I love to see the wide variety of other artists’ sketchbooks – always as personal and creative. It gives an insight to the character and vision of each artist. One of my favourites is Frida Kahlo’s sketchbook. It is a visual treat – soaked in inks, scribbled with line and dotted with personal iconography and drawn images. It is a deeply personal visual journal of her emotional pain, her tumultuous passions and stories of episodes in her life. It is inspiring to me as an artist and in my role as director of x2 art holidays, teaching and inspiring others in their creative journey.
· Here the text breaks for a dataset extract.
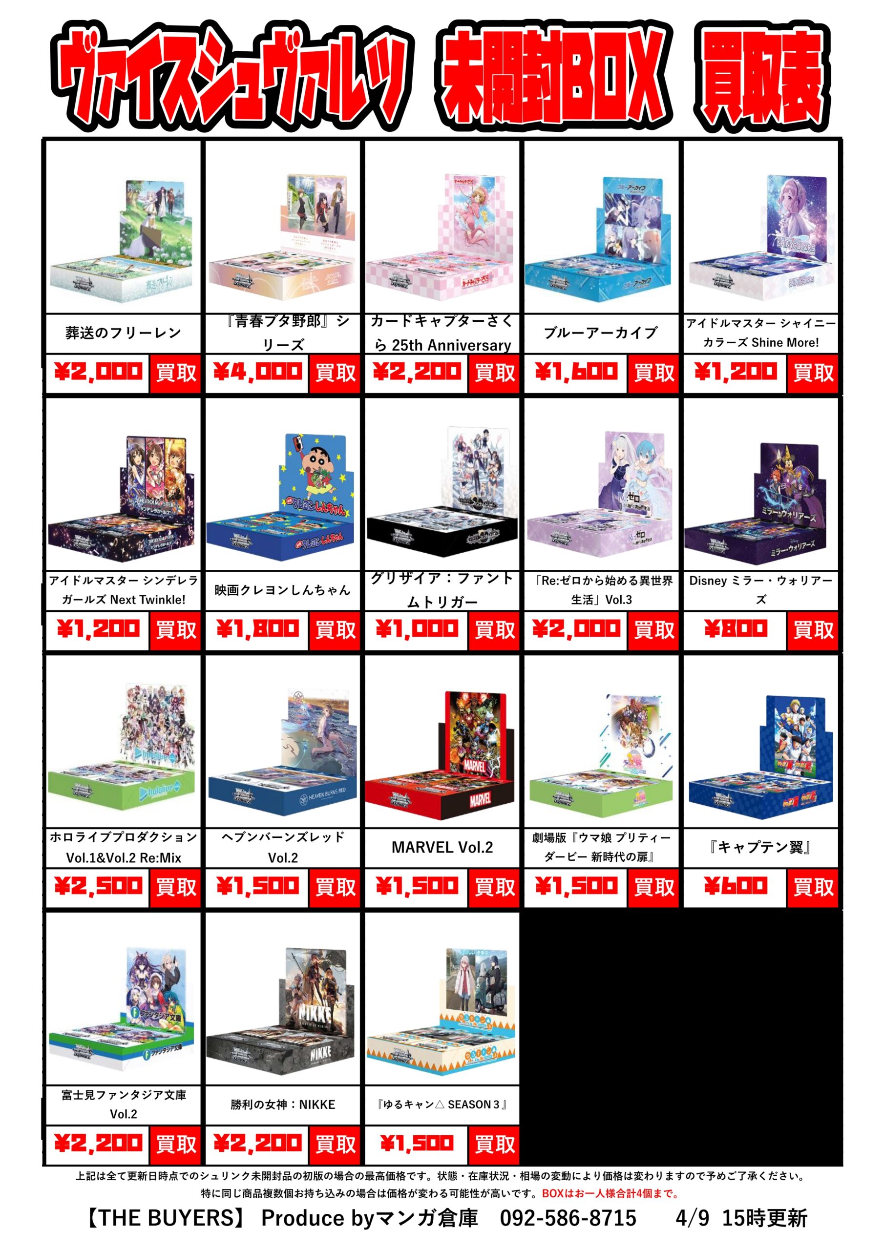 ヴァイスシュヴァルツの未開封BOXの買取チラシ更新しました!
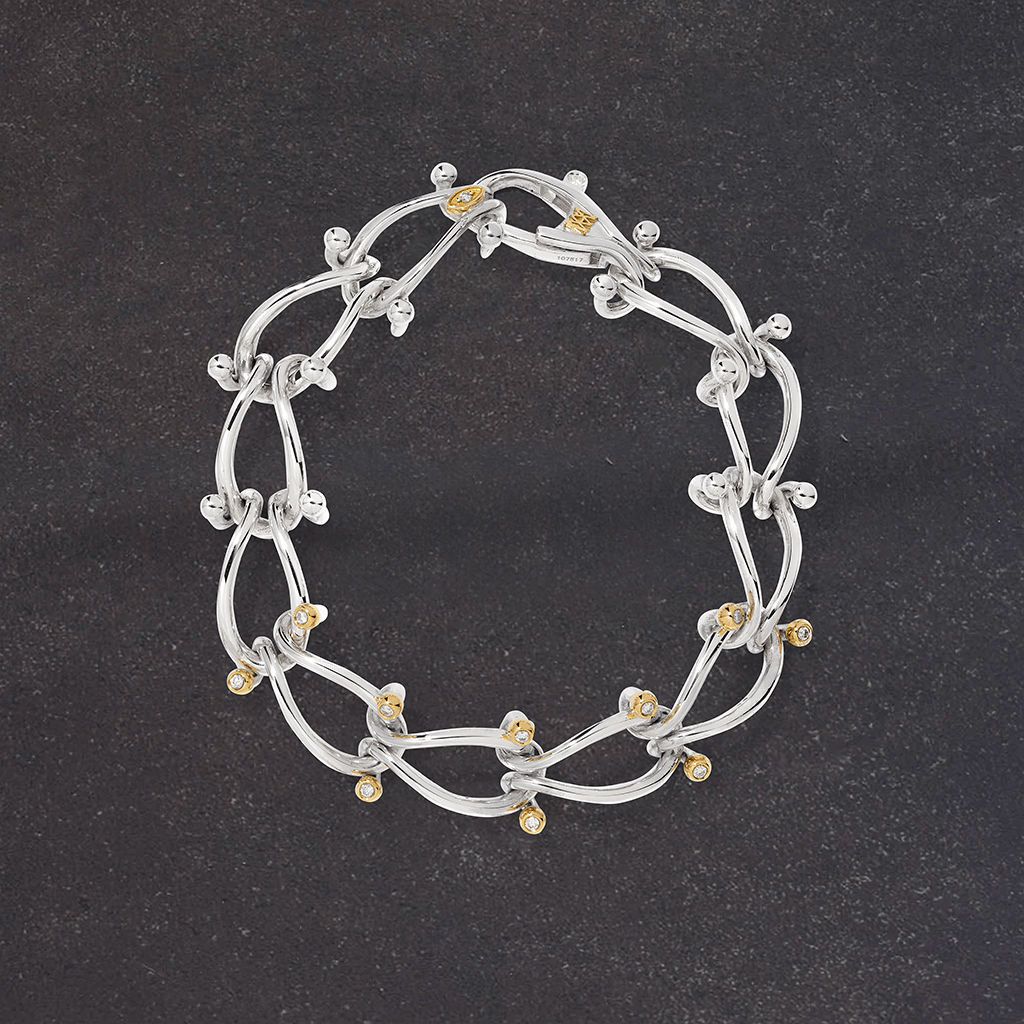 重厚でありながら、滑らかに動くデザイン。知恵の輪から着想を得た、ひとコマずつがパズルのように連なり、自由に組み替えられる構造。18Kイエローゴールドのボールディテールに、そっと光を添える天然ダイヤモンド。シルバーとの静かなコントラストが、手元に奥行きをもたらします。組み替えるたびに、新たな表情を生むチェーン。身に着ける人の感性によって、かたちを変えていく一品です。

I keep all my sketchbooks as they are part of my creative journey. I spend a considerable amount of time choosing each sketchbook; selecting a leather bound or fabric-covered, homemade paper or Japanese rice paper, large for expansive expression or small to tuck into any bag. Pages will be smeared in charcoal or the earth from where I’m working, drenched in inks or high-pigmented water-colours, marked with quick, scratchy pencil sketches, collaged, all building my encyclopaedia of ideas.

From Sketchbook to Painting:

The journey from this to a painting is a convoluted process. Several versions of a concept will be explored in various media, blocked out in tonal contrast and drawn out in various compositions. However, as each painting develops it takes on a life of its own and I treasure the relationship between me, as the artist, and the painting as a living, growing work in its own right. It may sound strange but this dynamic is what keeps the energy and balance of each piece.

Poetry is any page from a sketchbook of outlines of a doorknob with thumbprints of dust, blood, dreams.”                                                                                                                                         – Carl Sandberg

Top Tip:

For those of you starting out on your creative journey, or, if you are an artist in need of a little kickstart which we all need periodically, I recommend The Artist’s Way, Julia Cameron. She guides you through daily exercises to cultivate personal creativity and confidence.